I agree that the POCO might have its own opinion on allowing interconnection.

 

[PVfarmer]

Picture he posted in post #7 shows the label for a 400A breaker meter/main. So if he can tap that ...

I've got it- zman! - you *can't* do a line side tap with a 400A PV breaker...because...

You said it, jben- 400A main.
here it is: (Main Disconnect: (1) 400 Amp, 2-Pole, 22 kAIC Breaker)
https://www.platt.com/platt-electri...ooper-B-Line/U404MCC/product.aspx?zpid=198160

The "line side" tap has to go on the *load* side of zman's *meter/main*! There would be no way to tell if the power for loads was coming from PV or grid or both if it was on the line/supply/POCO side of the meter.
It's only a line/supply tap when it connects *between* the meter and main- not when connect to a meter/main.

So if zman tapped the 400A of PV breaker, he'd have zero left for a distribution (not main) panel.
If he uses a 400A distribution panel "main" breaker *and* the 400A breaker for PV output...he'd have to have an *800* amp "meter main".

You can't put a 400A PV breaker and a 400A panel breaker onto an existing main 400A breaker.

If it was just a meter without the main, then 400A + 400A are ok, because you then have *two* main disconnects.

How about this- zman could get an 800A rated main panel with just a meter (not meter/main), then he could...put a 400A main breaker in that panel, and connect the 400A PV breaker at the other end of the 800/400A panel...he could connect *either* line or load side to an 800A panel?

Would he be ok with a 400A meter then? :huh:

 

[jaggedben]

If he uses a 400A distribution panel "main" breaker *and* the 400A breaker for PV output...he'd have to have an *800* amp "meter main".

No, that is not necessarily correct.

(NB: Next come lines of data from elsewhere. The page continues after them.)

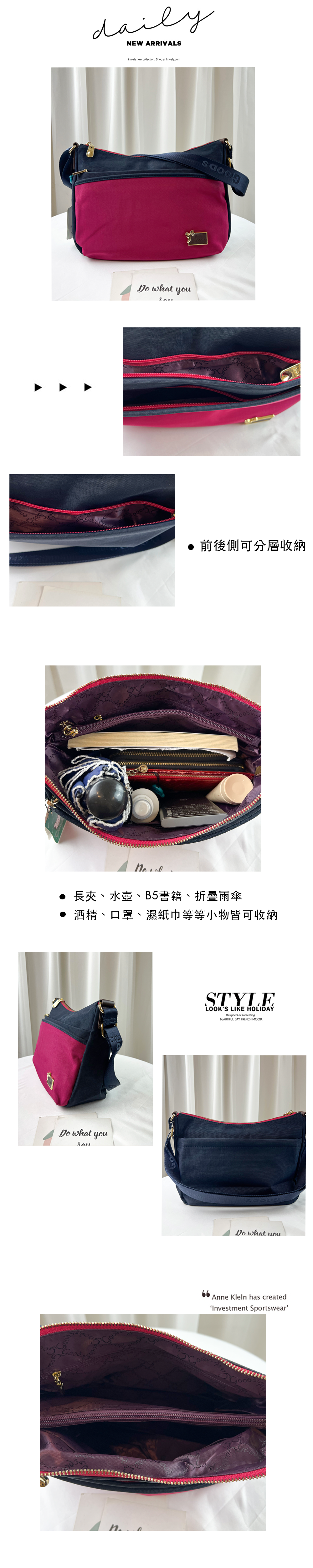 GOODS 藍桃拼色 肯尼布拼接真皮側背包 #2638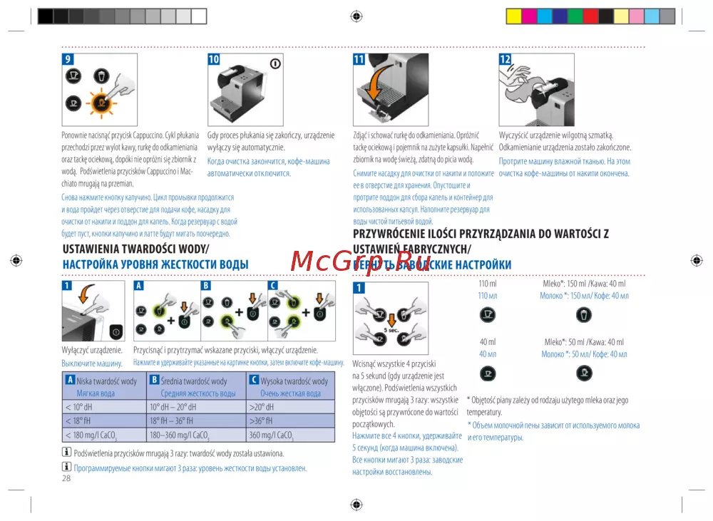 - Przywrócenie ilości przyrządzania do wartości z ustawień fabrycznych p.15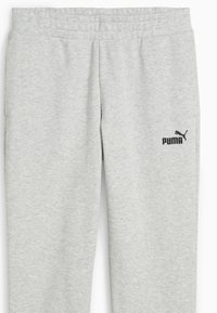 Helehallid Puma dressipüksid elastse vöökohaga ja must Puma logo ülemisel vasakul reiel, paigutatud lamedalt.
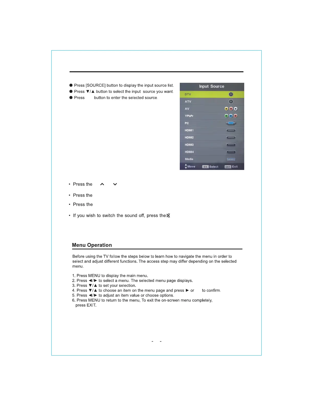SONIQ E65UV40A - Menu Operation Guide; Input Source Selection; Channel Operations

If connected supply side, as he's talking about, the PV does not count as part of the calculated load, and the OCPD can be equal to the rating of the service if connected supply side. See 705.12(A).

You can't put a 400A PV breaker and a 400A panel breaker onto an existing main 400A breaker.

That may indeed be a practical issue or a code issue with the equipment on site. One might try consulting the manufacturer on whether it's okay to modify the conductors between the meter and the main by tapping them. I have a feeling they will say no in the case of the equipment you posted a link to, although possibly there might be a provision for changing the lugs on the meter. I suppose another possibility might be to pay UL to field list the installation.

Other options might be to replace the service panel with new equipment that has provisions for tapping, or to put a new meter socket ahead of the existing service equipment, bridge the existing meter with flats, and tap in between the new meter and the existing equipment. It all depends on details of the site which we don't know.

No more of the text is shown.